August 7, 2014

Midwest Men's Volleyball College Recruiting Challenge


I have enjoyed reading and learning from your insight over the years as we navigated my daughter thru the volleyball maze of club, HS and recruiting.  But now our son is going thru the process and I am curious if we should approach the mens volleyball process differently then we do the girl’s process.

Obviously the opportunities are fewer, scholarships less and coaches budgets to travel to tournaments lacking - so should we approach camps differently, are playing in nationals required, do college coaches rely more on HS coaches?

As background - we live in the midwest, our son is 6’6”, plays for an strong HS program (a few current D1 players), his coach expects him to play 6 rotations this year as a junior and for fun he plays beach (playing at nationals next week).

I know your forte is the women’s environment, but any insight would be appreciated.



Thanks for the compliments and happy that I was able to assist in your daughter's recruiting process.

The process for the men is similar to the women, but the challenge is the limited number of playing opportunities.  Women's college volleyball has approximately 1,500 programs, while the men's program number under 200 - That is tough math for men's players.

I suggest maximizing technology to promote/market your son's ability.  With men's volleyball being smaller, you can really achieve 'leaving no stone unturned'. And, when a school does shoe interest, I suggest arranging a visit ASAP so you can evaluate them and they can evaluate you.

I am not familiar enough with Boy's Nationals to know the recruiting impact - I was actually at Boy's Nationals in Houston this year watching a friend of mine's son, but he was in the younger age group so I cannot provide you feedback on possible men's college coaches evaluating the older players.

As for camps, I am still not sold on them for recruiting but because of how coveted men's roster spots are, if a school expresses recruiting interest and you have a comfortable dialog with them, then it may be worth the cost - Again, you would want to be very aware of  that school's recruiting needs before committing to a camp.

In closing, the average men's volleyball recruit has to work harder on managing the recruiting process than the average women's volleyball recruit because of the limited collegiate opportunities - Use technology and video to provide maximum exposure!



  1. Mind if I chime in?

    I am a D3 Men's coach and was also at Nationals in Houston.

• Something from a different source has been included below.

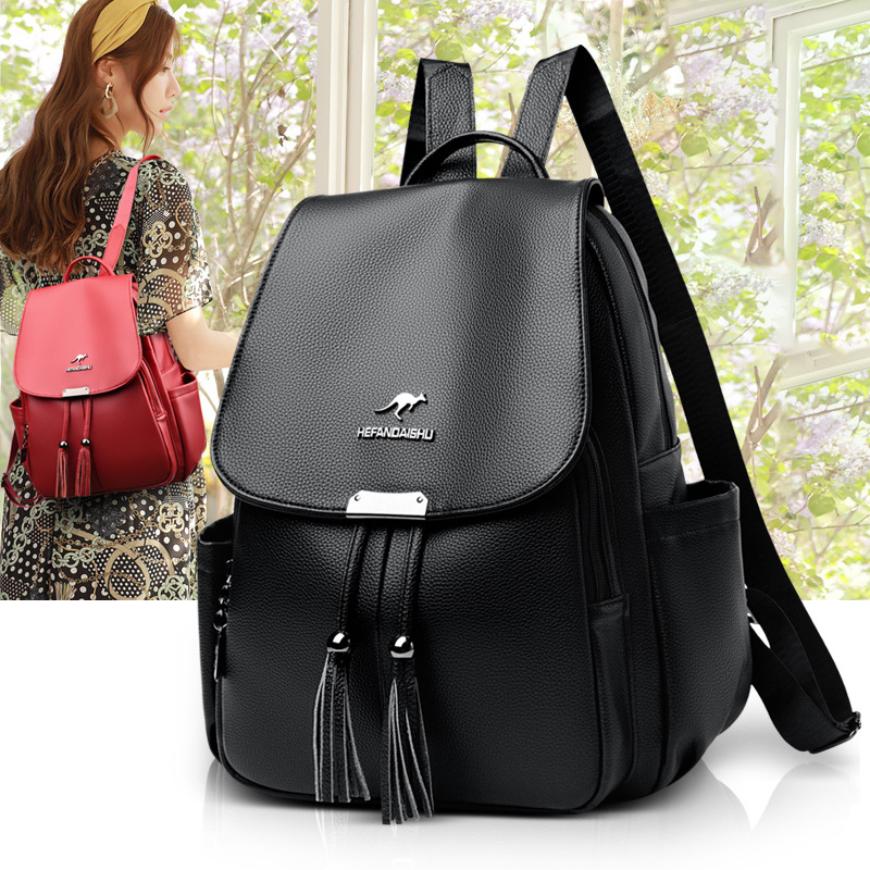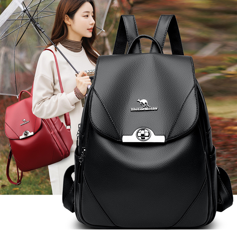 リュックサックの女性2023新型韓国風ファッション百合軟皮カンガルーのリュックサックは大容量の女性旅行カバンを多く使います。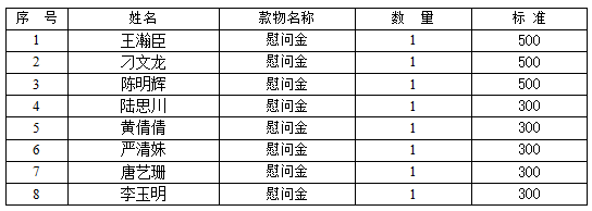 太阳集团城网站2017“1元爱心情暖万家”公益募捐项目款物发放人员名单、发放明细及标准公示如下,敬请社会各界进行监督。

All the big boys were there, so if your son is at that level, those coaches will have found you and reached out already. If they haven't, I would pursue Academic avenues of scholarships. Private schools will offer you MORE academic money. I know my school offers up to $23,000 in academic $, so some of my guys who have good grades, who have need and can qualify for Federal Aid, end up paying just for room and board ~ $11,000 for the year. I think that's a pretty good deal myself. So don't overlook the private schools. They are more expensive initially or in theory, but you may be pleasantly surprised.

  2. Having just gone through this process playing club is the key and getting as much video out there as possible. Most mens programs are at Nationals looking at Juniors and Sophomores. Recruiting begins latter with real recruiting beginning the Junior Year and DIII programs still recruiting through nationals. Found some High performance exposure also helpful only by making contacts with college coaches. Because high school coaches experience varies the coaches really talk to the club coaches.